息、母音、声帯の使い方も同時に関わります。

開く意識で声が暗くなるなら、少しやりすぎです。
明るさを残したまま楽にする方向を探しましょう。

指示が分からないまま続ける必要はありません。
講師や教材の言葉は、自分の声でどう変わるか確認して使ってください。

喉を開くをそのまま受け取らない

高音を出すには喉を開くと言われることがあります。
ただし、この表現をそのまま受け取って、喉の奥を無理に広げようとすると逆に歌いにくくなります。
喉を開くとは、多くの場合、喉を締めすぎず、声が通る余裕を作るという意味で使われています。

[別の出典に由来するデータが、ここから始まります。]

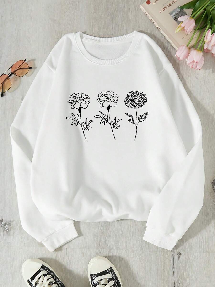Floral Print Thermal Lined Sweatshirt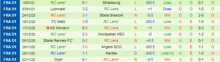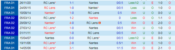 Phong độ và thống kê đối đầu Nantes - Lens gần đây:
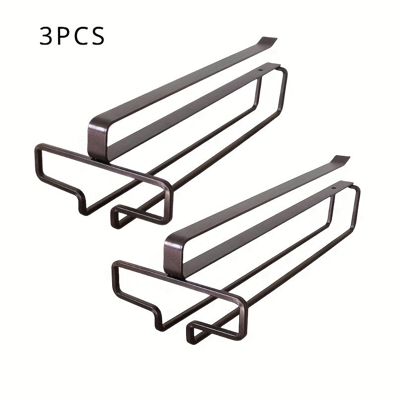 3-Piece Metal Space-Saving Wine Glass Rack No-Drill Upside-Down Stemware Organizer for Kitchen and Bar Cabinets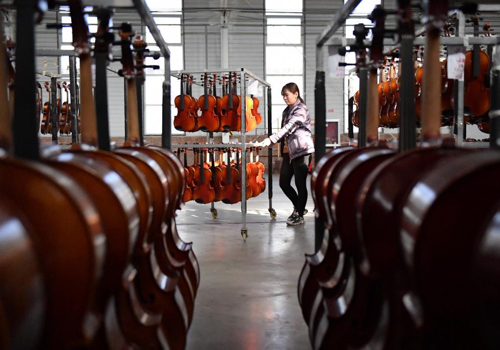 武强嘉华乐器有限公司的工人在整理小提琴。(武强县委宣传部供图)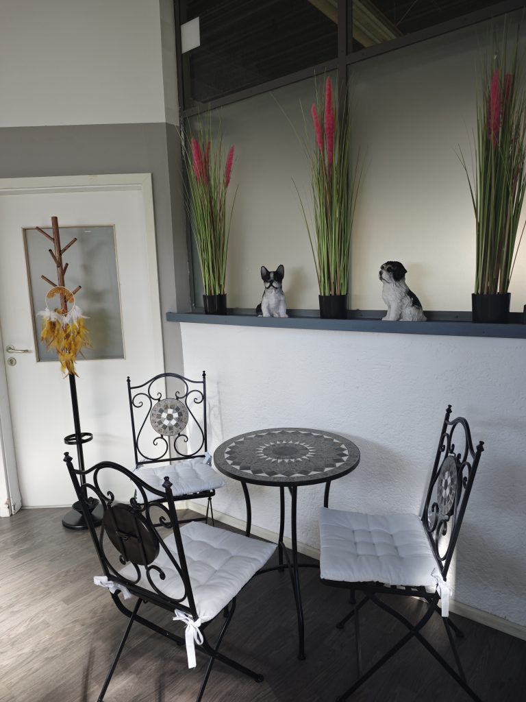 Aufenthaltsraum ist die zweite Glastür auf der rechten Seite. Dort stehen Tische, Stühle, sowie Kaffeemaschine
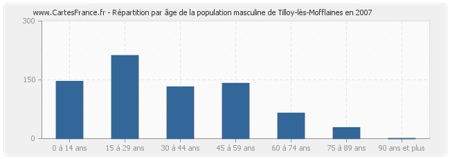 Répartition de la population masculine de Tilloy-lès-Mofflaines par âge en 2007 :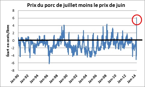Graphique 1 – Écart entre le contrat du porc de juin et juillet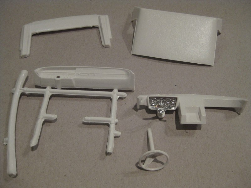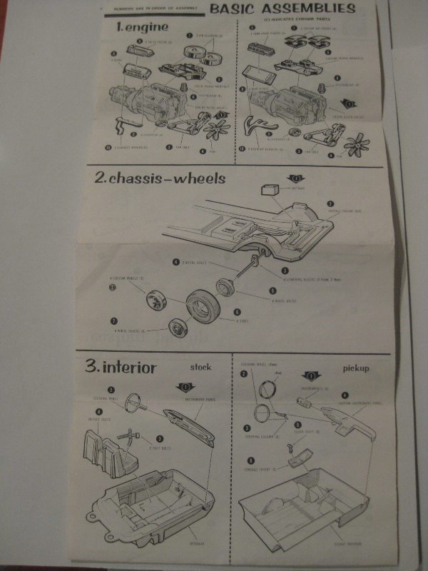 Wahlweise kann ein Convertible in Stock oder Custom oder ein Pickup gebaut werden, dafür sind 2 verschiedene Cockpit Schalen im Karton. Mit ein bisschen Geschick kann man das Pickup dach verlängern und ein Coupe bauen. 2 Motoren, Innenraumdetails, Frontgrill und Heckstoßstangen, Felgen usw. stehen zu Auswahl. Die Decals sind für ihr Alter perfekt in Schuss, genauso wie die Holznachbildung in Form von Aufklebern.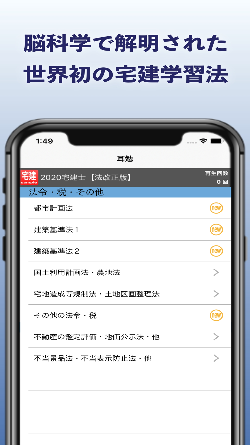 「法令上の制限」に8問、「税・その他」で8問が振り分けられています。ここでは両方で10点は取りたいところです。「法令上の制限」も「税・その他」は暗記が出来ていれば答えらるところです。社会人の方にとってこの暗記は時間のない中でやらなくてはなりません。たいがいの人がテキストを理解するのが精一杯で、覚え込むまでには時間が足りないのが現状です。そこで、三重録音を聴くだけで、短い時間に集中して、短い期間に暗記ができるように『耳勉』を開発しました。特に再受験の方には強い味方となります。また初受験の方には、学習をサポートする頼もしいツールとなります。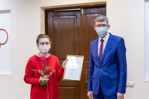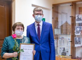 Rector of the TSPU Andrei Nikolaevich Makarenko continues his meetings with the teaching staff of the university to sum up the annual results of the work and present honorary awards. Meetings are organized in small groups due to safety purposes. This time awards went to the representatives of the Faculty of Biology and Chemistry and the Faculty of Physical Culture and Sports.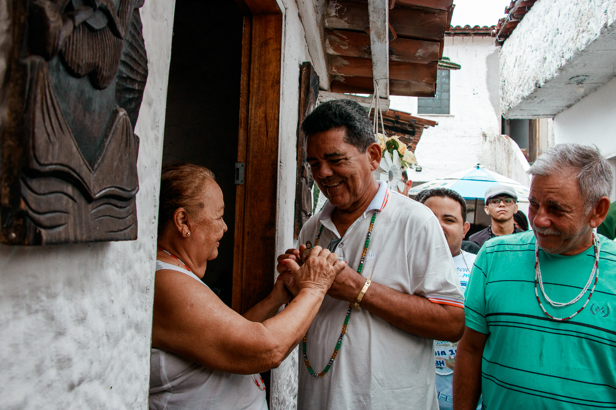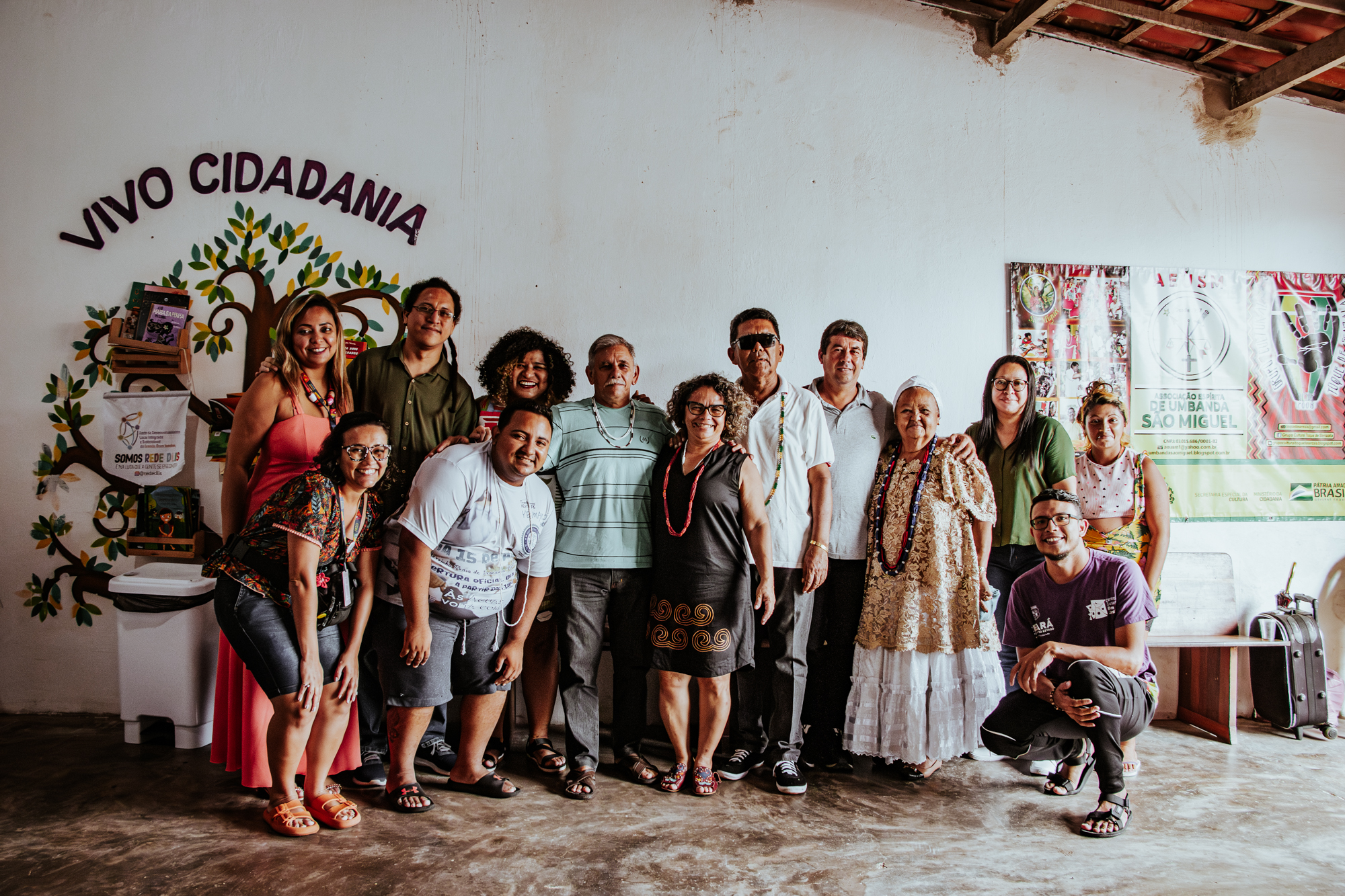 A primeira parada foi uma visita no Centro Espírita de Umbanda São Miguel do mestre da cultura Pai Neto Tranca Rua, onde ocorreu um momento de troca com uma roda de conversa e apresentação da trajetória do avô de santo e sua atuação no território até às 11h00.
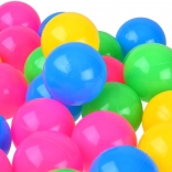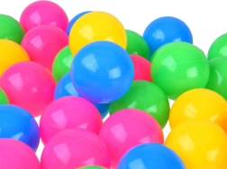 Ez a készlet 100 színes labdát tartalmaz, amelyek tökéletesek gyerekek játéktereihez. A labdák átmérője 6,5 cm és négy élénk színben érkeznek: rózsaszín, sárga, zöld és kék, ami biztosítja vonzerejüket a gyerekek számára és elősegíti a szórakozást.

初心者がやりがちなのは、あくびのように喉を広げすぎることです。
低い声では太く聞こえても、高音では声がこもったり、言葉が遅れたりします。
高音に必要なのは、広げることだけではなく、母音を保ちながら楽に通すことです。

もう一つの勘違いは、喉を開くために舌を奥へ引いてしまうことです。
舌が下がりすぎると、声の出口が重くなり、滑舌も悪くなります。
喉を楽にしたいときほど、舌先や顎が固まっていないかも確認してください。

喉が開いているかの確認方法

まず、低めのハミングから「あ」へ開きます。
ハミングでは楽なのに「あ」にした瞬間に喉が詰まるなら、口を開けたときに力が入っています。
声量を上げず、同じ軽さのまま母音へ移る練習をします。

次に、「あ」だけでなく「い」「え」も確認します。
喉を開こうとすると「あ」は出しやすくても、イ段やエ段で急に狭くなることがあります。
高音曲ではイ段やエ段が多いので、実際の歌詞に近い母音で見る必要があります。

録音で聞いたとき、声が暗くこもっているなら開きすぎかもしれません。
反対に、鋭く刺さるなら口先や鼻先に寄りすぎている可能性があります。
喉を開く練習は、暗さと鋭さの中間を探す作業です。

歌の中で使える形にする

喉を開く感覚が分かっても、曲で使えなければ意味がありません。
まずは苦しいフレーズを母音だけにして、喉が固まらない形を探します。
そのあと歌詞を戻し、子音を入れても同じ余裕が残るか確認します。

サビで喉が締まる人は、最高音より前の準備を見てください。
高音に入る前から息を増やし、口を横に引き、顎を上げていることがあります。
最高音だけを直すより、その前の二拍を整える方が効果的です。

喉を開くことは目的ではなく、楽に歌うための一つの手段です。
広げすぎ、こもらせすぎ、押し下げすぎに注意しながら、自分の声が一番自然に通る場所を探しましょう。

まとめ

喉を開くという表現は、余計な力を減らし、声の通り道を邪魔しないための感覚語です。
口を大きく開ける、舌を押し下げる、喉を固定することとは違います。
高音では楽に動ける余裕を残すことを大切にしましょう。